### PROBLEM DESCRIPTION:
A word-for-word copy of the entries is the goal; leave out the pictures.

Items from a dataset
★ ★ ★ ★ ★ ★ ★
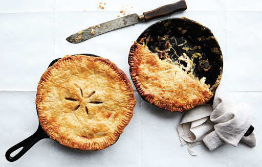 Roll out 1 disk of dough on a lightly floured surface to a 14” round. Transfer to a 10” cast-iron skillet or a 9½”-diameter deep pie dish. Lift up edge and let dough slump down into dish. Trim, leaving a 1” overhang. Spoon filling into skillet. Roll out second disk of dough to 11” round. Drape over filling and trim to a 1” overhang. Fold overhang under; crimp with a fork. Cut a few vents in top; brush with egg.
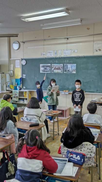 [3年生国語]「町の行事について発表しよう」という学習です。日本各地で行われている年中行事について調べたことを発表しています。
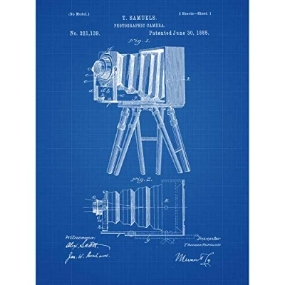 Wee Blue Coo Photographic Camera Blueprint Unframed Wall Art Print Poster Home Decor Premium
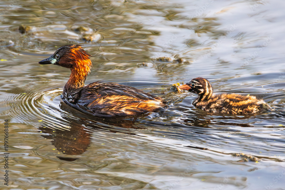 Close-up of a little grebe (Tachybaptus ruficollis) with its chick behind in a wetland in southern Granada, Spain
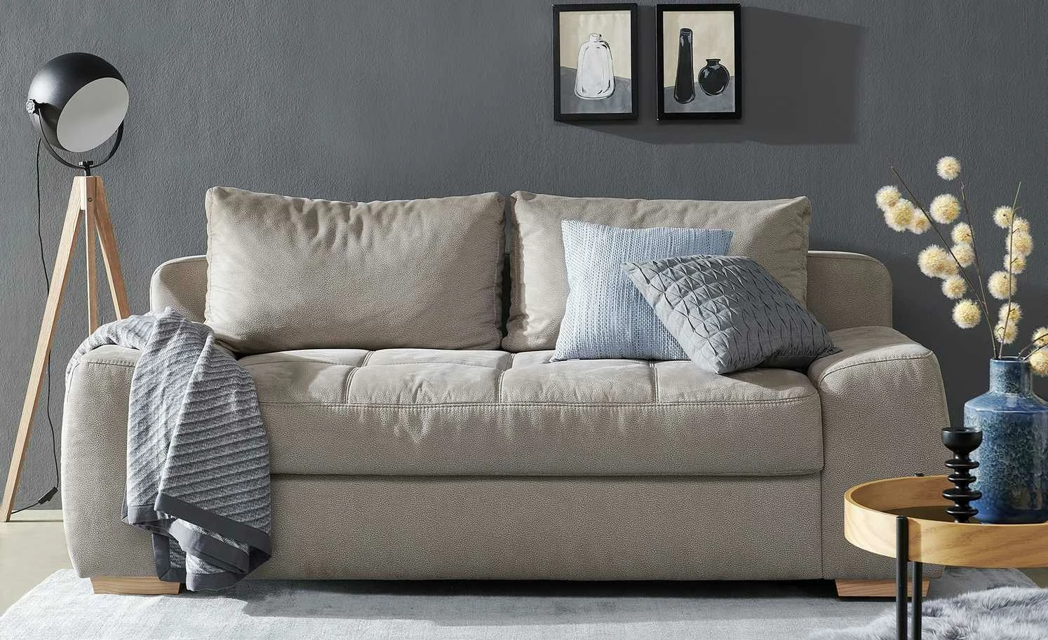 Das Schlafsofa Eleny de Luxe ist komplett mit dem weichen Mikrofaserstoff bezogen und kann dadurch auch frei im Raum stehen.
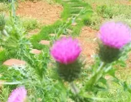 头状花序单生茎枝顶端,植株通常有6-10个头状花序,但不形成明显的花序式排列。苞叶绿色,长3-4厘米,针刺状羽状全裂。总苞大,宽钟状,直径3-4厘米。总苞片9-10层,覆瓦状排列;外层及中外层长卵形或三角形,长6-8毫米;中层披针形或椭圆状披针形,长11-16毫米;最内层宽线形,长2厘米,顶端紫红色。全部苞片顶端钝,边缘有白色蛛丝毛。小花长1.7厘米,紫红色,冠檐5深裂。
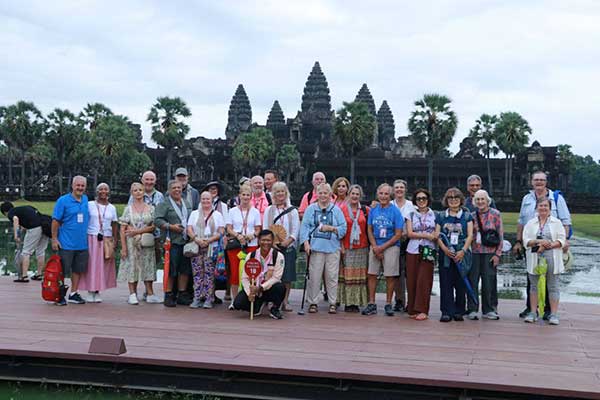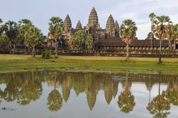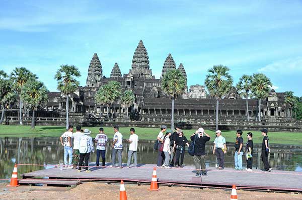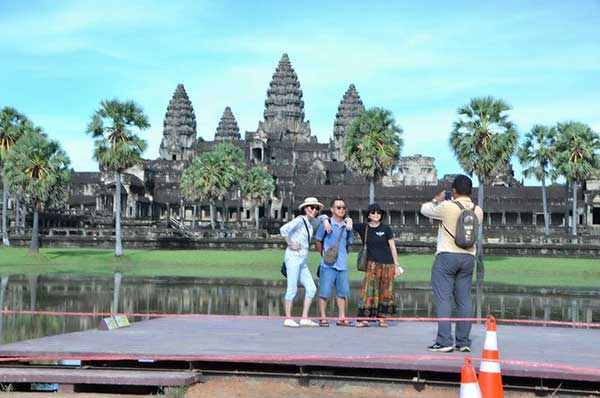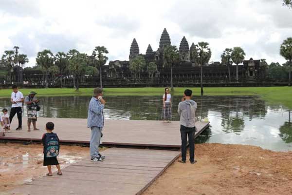 ស្រះទឹកខាងត្បូងប្រាសាទអង្គរវត្តជាទីកន្លែងដ៏ពេញនិយមរបស់ទេសចរចម្រុះជាតិសាសន៍ដើម្បីផ្តិតរូបភាពកំពូលទាំង៥នៃប្រាសាទអង្គរវត្ត។
★ ★ ★ ★ ★ ★ ★
### ANSWER SECTION:
 Roll out 1 disk of dough on a lightly floured surface to a 14” round. Transfer to a 10” cast-iron skillet or a 9½”-diameter deep pie dish. Lift up edge and let dough slump down into dish. Trim, leaving a 1” overhang. Spoon filling into skillet. Roll out second disk of dough to 11” round. Drape over filling and trim to a 1” overhang. Fold overhang under; crimp with a fork. Cut a few vents in top; brush with egg.
 [3年生国語]「町の行事について発表しよう」という学習です。日本各地で行われている年中行事について調べたことを発表しています。
 Wee Blue Coo Photographic Camera Blueprint Unframed Wall Art Print Poster Home Decor Premium
 Close-up of a little grebe (Tachybaptus ruficollis) with its chick behind in a wetland in southern Granada, Spain
 Das Schlafsofa Eleny de Luxe ist komplett mit dem weichen Mikrofaserstoff bezogen und kann dadurch auch frei im Raum stehen.
 头状花序单生茎枝顶端,植株通常有6-10个头状花序,但不形成明显的花序式排列。苞叶绿色,长3-4厘米,针刺状羽状全裂。总苞大,宽钟状,直径3-4厘米。总苞片9-10层,覆瓦状排列;外层及中外层长卵形或三角形,长6-8毫米;中层披针形或椭圆状披针形,长11-16毫米;最内层宽线形,长2厘米,顶端紫红色。全部苞片顶端钝,边缘有白色蛛丝毛。小花长1.7厘米,紫红色,冠檐5深裂。
 ស្រះទឹកខាងត្បូងប្រាសាទអង្គរវត្តជាទីកន្លែងដ៏ពេញនិយមរបស់ទេសចរចម្រុះជាតិសាសន៍ដើម្បីផ្តិតរូបភាពកំពូលទាំង៥នៃប្រាសាទអង្គរវត្ត។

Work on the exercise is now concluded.